##### Dataset records
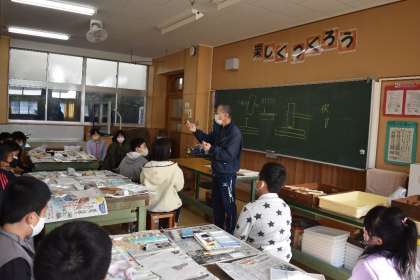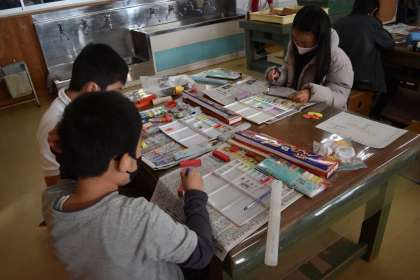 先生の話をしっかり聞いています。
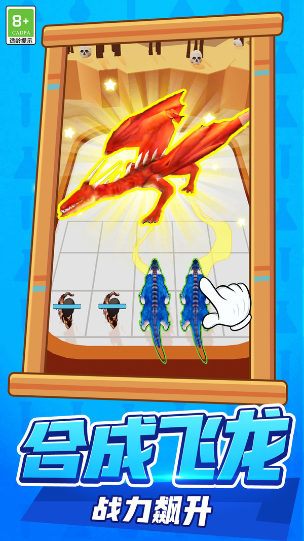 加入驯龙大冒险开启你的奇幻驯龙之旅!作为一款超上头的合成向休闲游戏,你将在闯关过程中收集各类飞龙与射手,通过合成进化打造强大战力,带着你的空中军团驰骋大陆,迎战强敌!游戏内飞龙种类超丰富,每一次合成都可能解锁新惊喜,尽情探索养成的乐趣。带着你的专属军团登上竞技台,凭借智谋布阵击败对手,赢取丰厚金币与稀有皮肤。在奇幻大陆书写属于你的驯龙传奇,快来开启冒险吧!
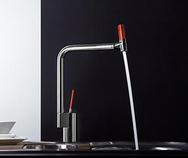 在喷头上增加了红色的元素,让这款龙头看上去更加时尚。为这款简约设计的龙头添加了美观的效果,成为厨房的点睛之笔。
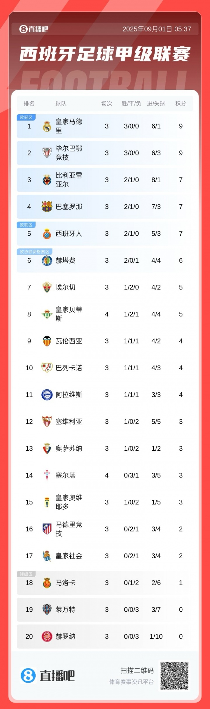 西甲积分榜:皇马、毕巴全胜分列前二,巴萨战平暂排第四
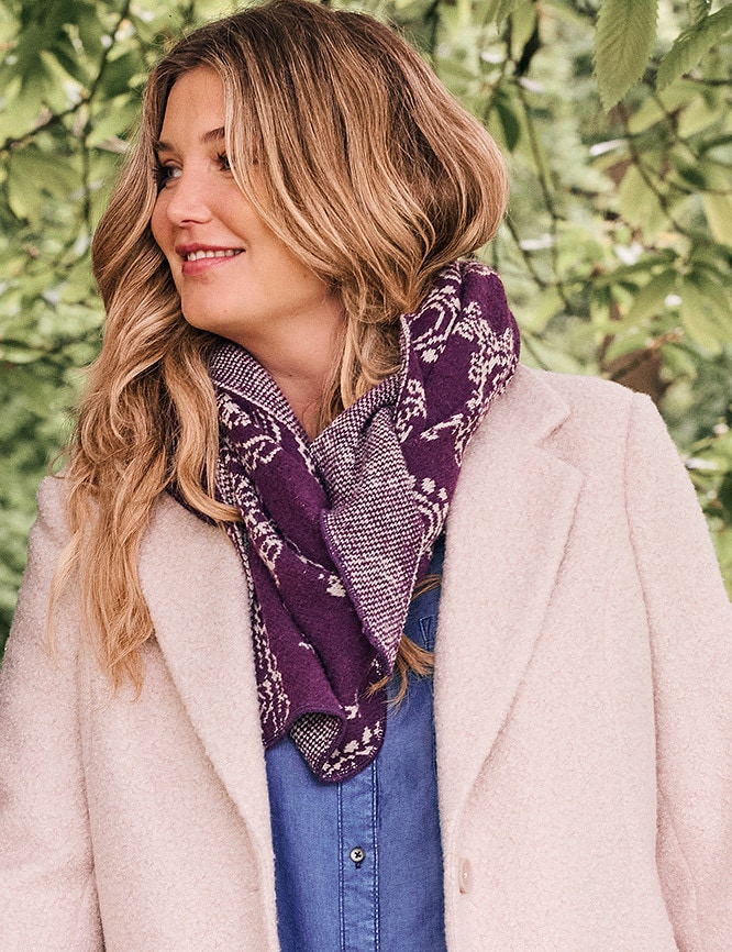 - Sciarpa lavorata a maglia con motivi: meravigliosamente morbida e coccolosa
##########
##### Dataset records
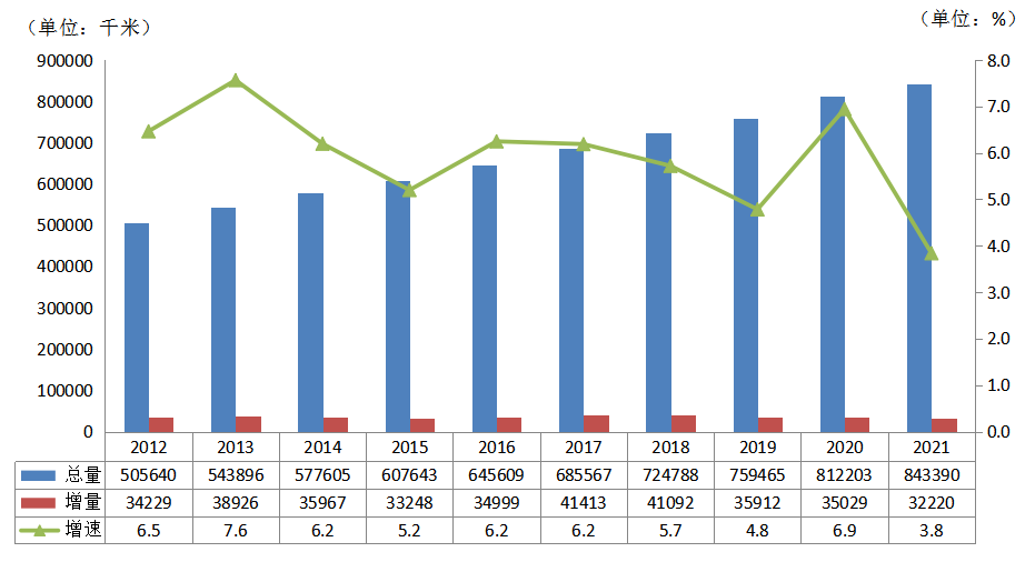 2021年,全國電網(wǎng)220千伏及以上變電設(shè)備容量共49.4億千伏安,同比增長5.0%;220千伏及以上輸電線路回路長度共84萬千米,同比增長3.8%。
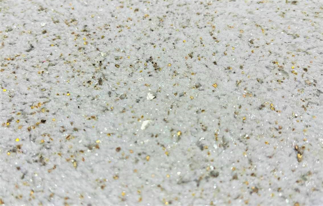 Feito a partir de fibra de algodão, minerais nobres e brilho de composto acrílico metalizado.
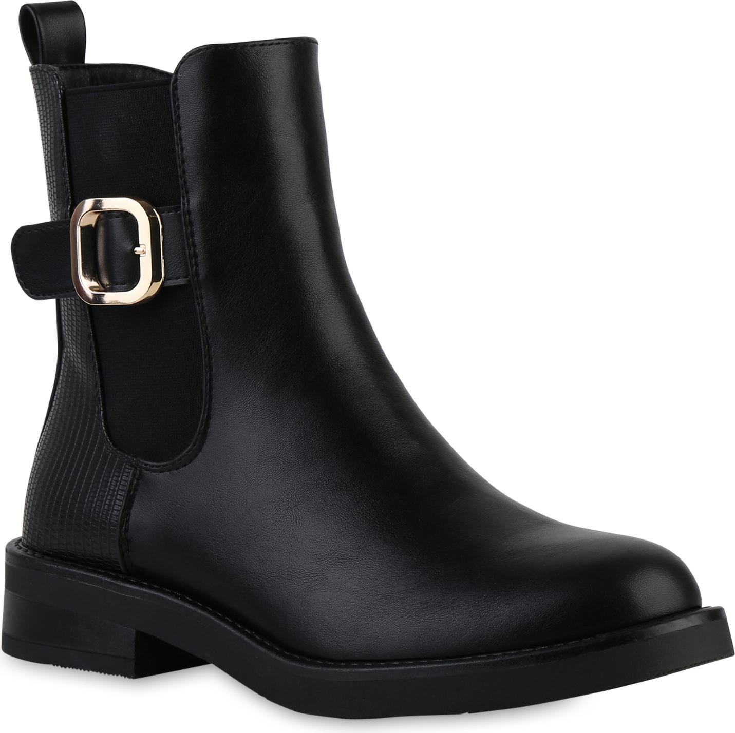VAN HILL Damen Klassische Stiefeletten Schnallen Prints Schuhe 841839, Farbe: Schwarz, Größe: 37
##########
**Directions**
Return only the part above that opens with the line containing "加入驯龙大冒险开启你的奇幻驯" and closes with the line containing "- Sciarpa lavorata", exactly and with both ends, skipping the pictures.

**Response to the task**
 加入驯龙大冒险开启你的奇幻驯龙之旅!作为一款超上头的合成向休闲游戏,你将在闯关过程中收集各类飞龙与射手,通过合成进化打造强大战力,带着你的空中军团驰骋大陆,迎战强敌!游戏内飞龙种类超丰富,每一次合成都可能解锁新惊喜,尽情探索养成的乐趣。带着你的专属军团登上竞技台,凭借智谋布阵击败对手,赢取丰厚金币与稀有皮肤。在奇幻大陆书写属于你的驯龙传奇,快来开启冒险吧!
 在喷头上增加了红色的元素,让这款龙头看上去更加时尚。为这款简约设计的龙头添加了美观的效果,成为厨房的点睛之笔。
 西甲积分榜:皇马、毕巴全胜分列前二,巴萨战平暂排第四
 - Sciarpa lavorata a maglia con motivi: meravigliosamente morbida e coccolosa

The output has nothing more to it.